9th Circuit rejects challege to "warrantless wiretaps"
A federal appeals court in San Francisco today handed a major victory to the Bush administration, ruling that a lawsuit challenging the government's warrantless wiretapping program could not go forward because of the "state secrets" privilege.These guys have now lost in two of the most liberal jurisdictions in the country. This suggest that Sen. Pat Leahy and other liberal Democrats will not get much backing from the courts in their attempts to impose terrorist rights. It also suggest that the current attempts to revise FISA are unconstitutional.
In a 3-0 decision, the U.S. 9th Circuit Court of Appeals sided with the government, which had argued that allowing an Islamic charity's claims that it was illegally spied upon to go forward would threaten national security.

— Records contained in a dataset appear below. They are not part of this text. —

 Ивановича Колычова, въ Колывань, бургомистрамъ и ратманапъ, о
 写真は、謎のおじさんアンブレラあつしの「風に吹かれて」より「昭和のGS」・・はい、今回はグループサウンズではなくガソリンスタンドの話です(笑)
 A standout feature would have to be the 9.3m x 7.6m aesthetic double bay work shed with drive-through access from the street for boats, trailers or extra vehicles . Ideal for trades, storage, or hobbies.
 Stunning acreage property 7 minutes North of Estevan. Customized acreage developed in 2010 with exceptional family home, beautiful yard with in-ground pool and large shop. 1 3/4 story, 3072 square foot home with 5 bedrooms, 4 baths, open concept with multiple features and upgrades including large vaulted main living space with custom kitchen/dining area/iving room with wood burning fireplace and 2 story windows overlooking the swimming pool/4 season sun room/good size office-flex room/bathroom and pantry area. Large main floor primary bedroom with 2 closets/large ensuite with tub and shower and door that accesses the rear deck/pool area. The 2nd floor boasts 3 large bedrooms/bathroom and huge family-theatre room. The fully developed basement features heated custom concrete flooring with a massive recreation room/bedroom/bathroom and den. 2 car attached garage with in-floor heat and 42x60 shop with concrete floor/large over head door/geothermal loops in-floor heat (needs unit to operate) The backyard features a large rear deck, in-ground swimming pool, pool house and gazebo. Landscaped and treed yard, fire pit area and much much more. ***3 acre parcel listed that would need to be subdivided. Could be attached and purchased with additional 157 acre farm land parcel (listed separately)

Patterico has more on the case.
...Patterico says the case involving the telecoms has been severed and remains pending. This makes the administration's request for protection of the telecoms from these suits all the more relevant.

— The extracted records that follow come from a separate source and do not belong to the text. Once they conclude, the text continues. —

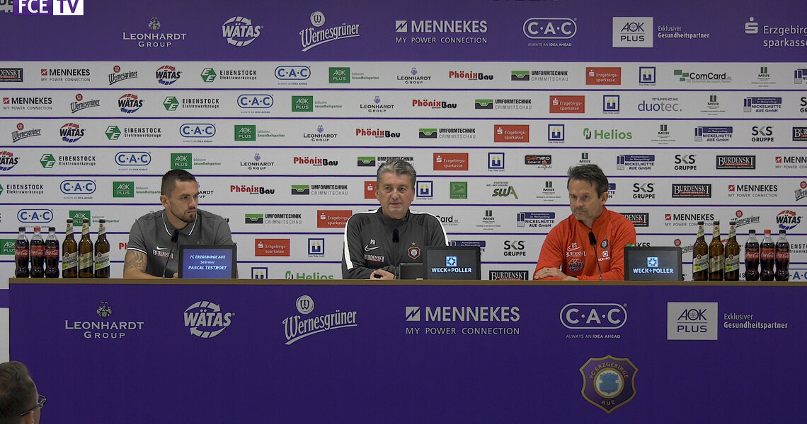 Die Pressekonferenz mit Veilchen-Cheftrainer Dirk Schuster und Pascal Testroet ...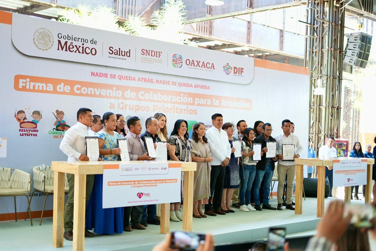 Santa Lucía del Camino, Oax. 27 de abril de 2026.- El Gobierno del Estado, a través del Sistema Estatal para el Desarrollo Integral de la Familia (DIF) Oaxaca, signó un convenio de colaboración para la Atención a Grupos Prioritarios con 539 municipios de la entidad, en materia de alimentación y desarrollo comunitario a estos sectores de la población.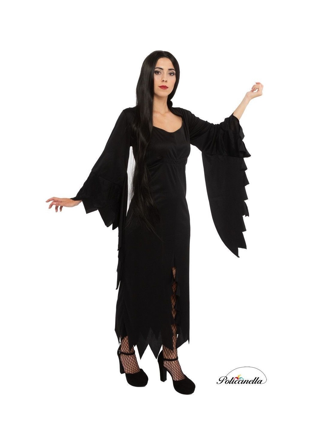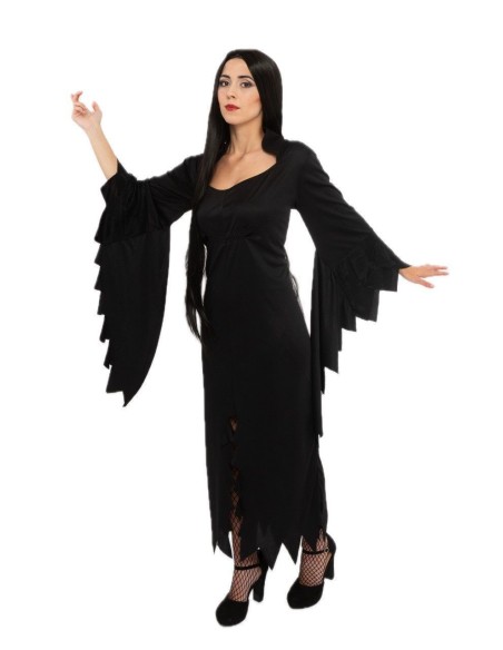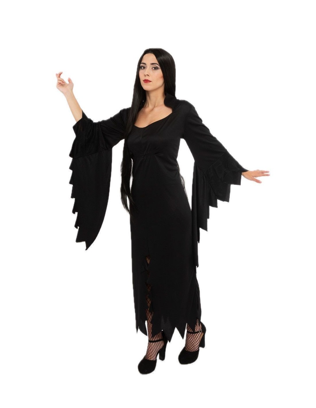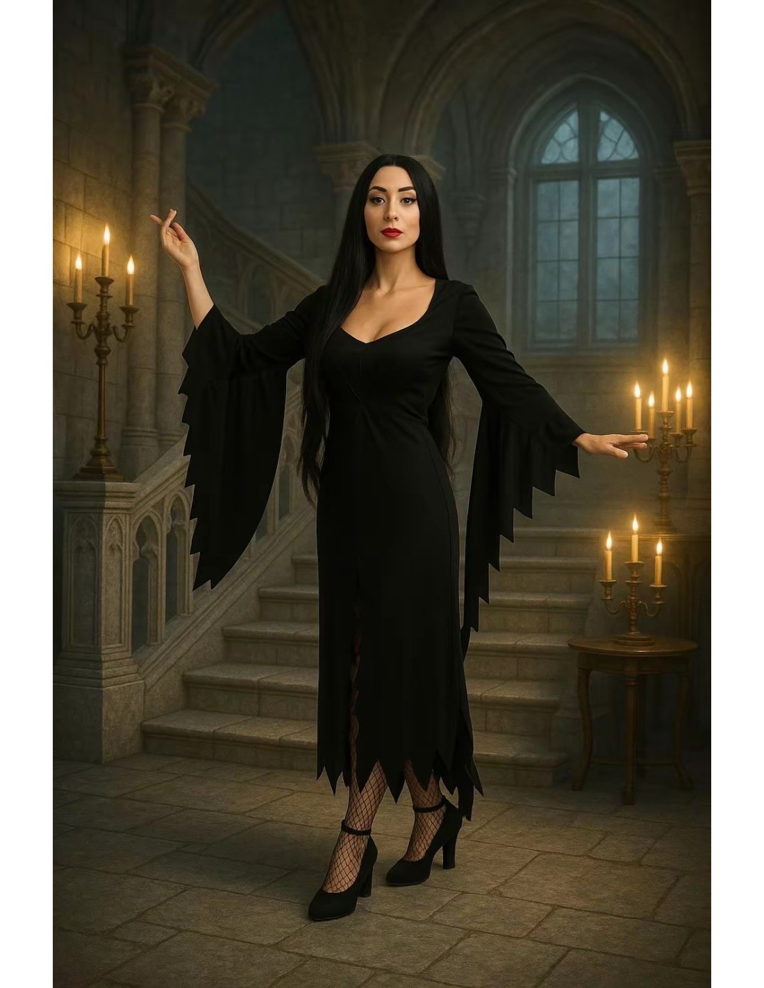 Questo vestito, realizzato in maglia semielastica, presenta uno scollo a forma di mezzo cuore con patta al collo e un'apertura frontale fino al ginocchio. Le maniche, di media altezza, hanno un sopramanica che arriva quasi alle caviglie. Il vestito ha una cucitura sotto il seno per esaltare la figura e viene fornito con una cintura che si adatta al contorno attraverso un sistema di velcro.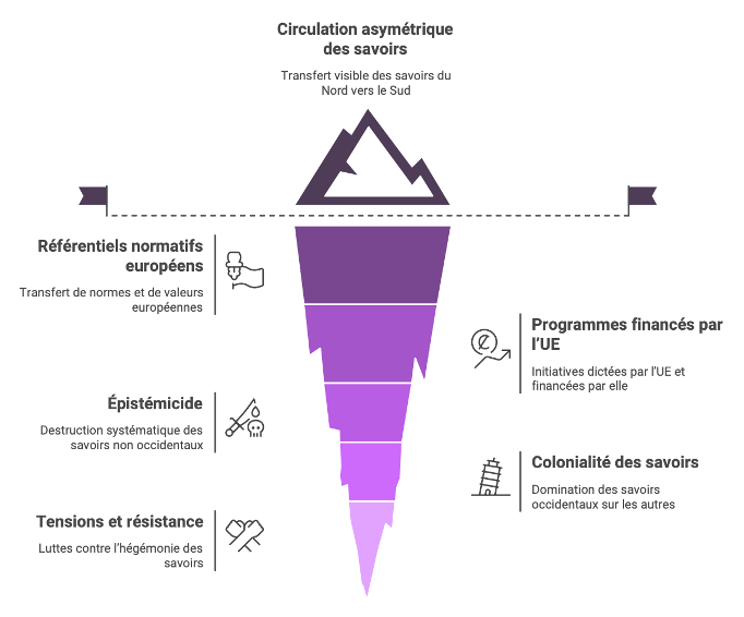 Ensuite, l’analyse de la colonialité des savoirs a permis de démontrer que l’externalisation du contrôle migratoire ne se limite pas à une dimension matérielle ou institutionnelle, mais s’étend également à la sphère épistémique. La diffusion des normes juridiques européennes et des cadres cognitifs du Nord global opère un « épistémicide » au sens de Boaventura de Sousa Santos15, marginalisant les savoirs juridiques locaux et les traditions normatives endogènes. Ainsi, derrière le discours universaliste de la coopération scientifique, se cachent des mécanismes de hiérarchisation cognitive et de diffusion unilatérale des standards européens, qui reconduisent la colonialité des savoirs et restreignent les marges de manœuvre des partenaires du Sud.
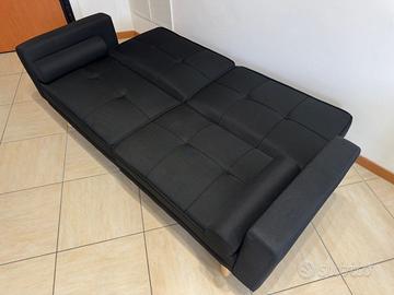 Divano 3 posti nero con schienale reclinabile e si trasforma in letto. Nuovo. Già smontato e facile da trasportare. Ritiro e trasporto a carico dell’acquirente.

As the court noted, this line of authority goes back to espionage cases following the Civil War where spies hired by the Union sought to recover damages relating to the agreement. The Supreme Court denied the suit on the basis that the agrement itself was secret, and that secrecy precludes any court action to enforce its terms.

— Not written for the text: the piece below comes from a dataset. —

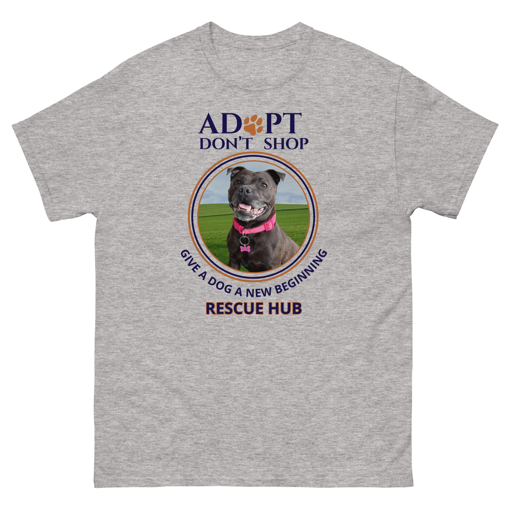 Every Rescue Hub shirt purchased helps support the dogs in our care while spreading the Adopt Don’t Shop message.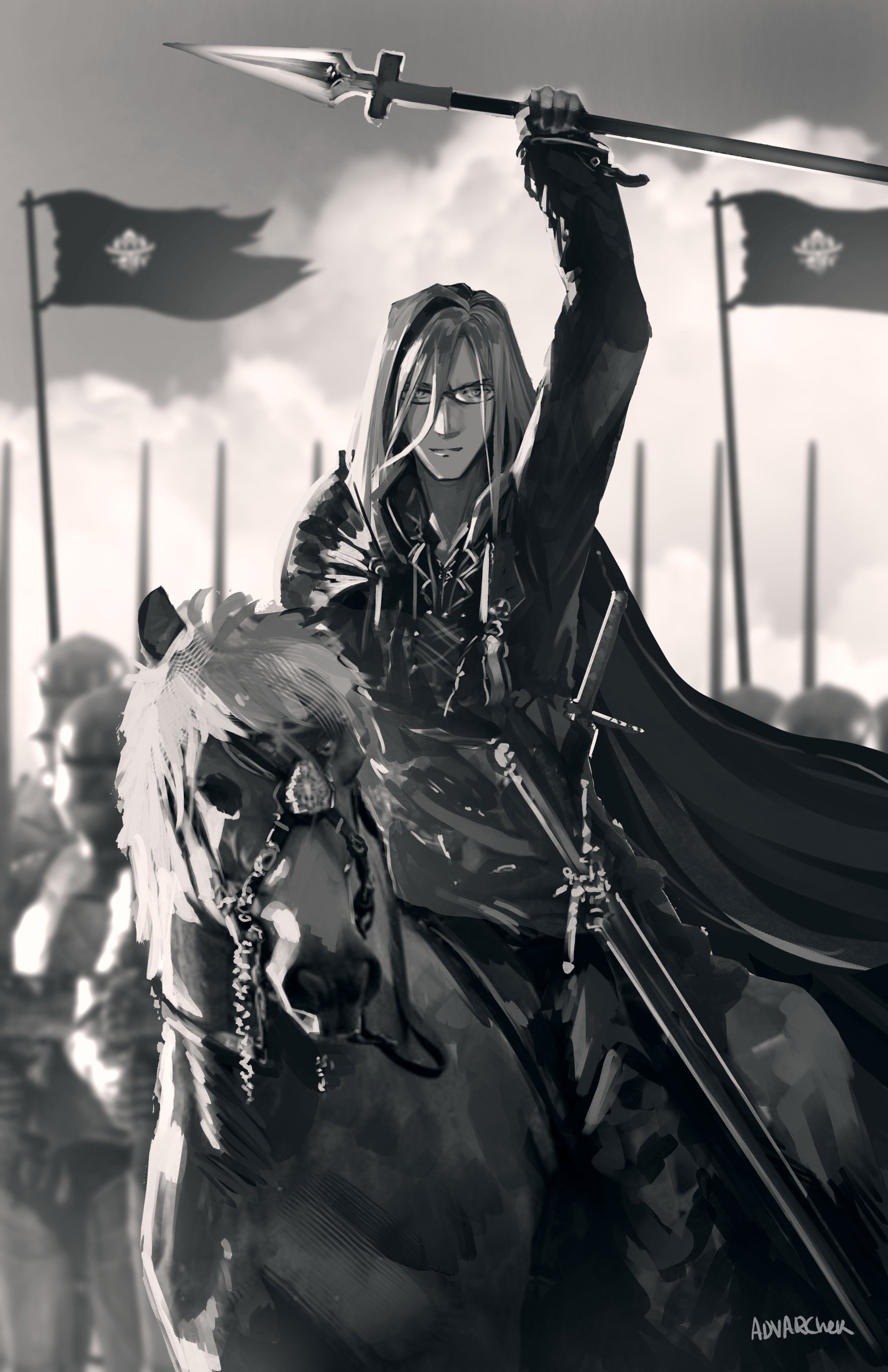 1boy absurdres advarcher arm_up armor cape cloud commentary english_commentary flag full_body glasses gloves greyscale hair_between_eyes highres holding holding_polearm holding_weapon holostars holostars_english horseback_riding jacket long_hair looking_at_viewer male_focus monochrome multicolored_hair multiple_swords noir_vesper noir_vesper_(old_design) parted_lips polearm riding sheath sheathed shoulder_armor soldier solo_focus spear streaked_hair sword virtual_youtuber weapon

In this case the Court held that the government had properly invoked the State Secrets privilege with respect to document(s) and information which the plaintiffs would need to proceed – such as confirmation that the plaintiffs had been the target of the Terrorist Surveillance Program and the details of how the program operated.
Money quote from p. 22 of the pdf:
“Having reviewed it in camera, we conclude that the Sealed Document is protected by the state secrets privilege, along with the information as to whether the government surveilled Al-Haramain. We take very seriously our obligation to review the documents with a very careful, indeed a skeptical, and not to accept at face value the government’s claim or justification of privilege. Simply saying “military secret,” “national security” or “terrorist threat” or invoking an ethereal fear that disclosure will threaten our nation is insufficient to support the privilege. Sufficient detail must be—and has been—provided for us to make a meaningful examination. The process of in camera review ineluctably places the court in a role that runs contrary to our fundamental principle of a transparent judicial system. It also places on the court a special burden to assure itself that an appropriate balance is struck between protecting national security matters and preserving an open court system. That said, we acknowledge the need to defer to the Executive on matters of foreign policy and national security and surely cannot legitimately find ourselves second guessing the Executive in this arena.
Hard to find a place in there anywhere for a “Bush/Cheney are worse than Hitler” jibe.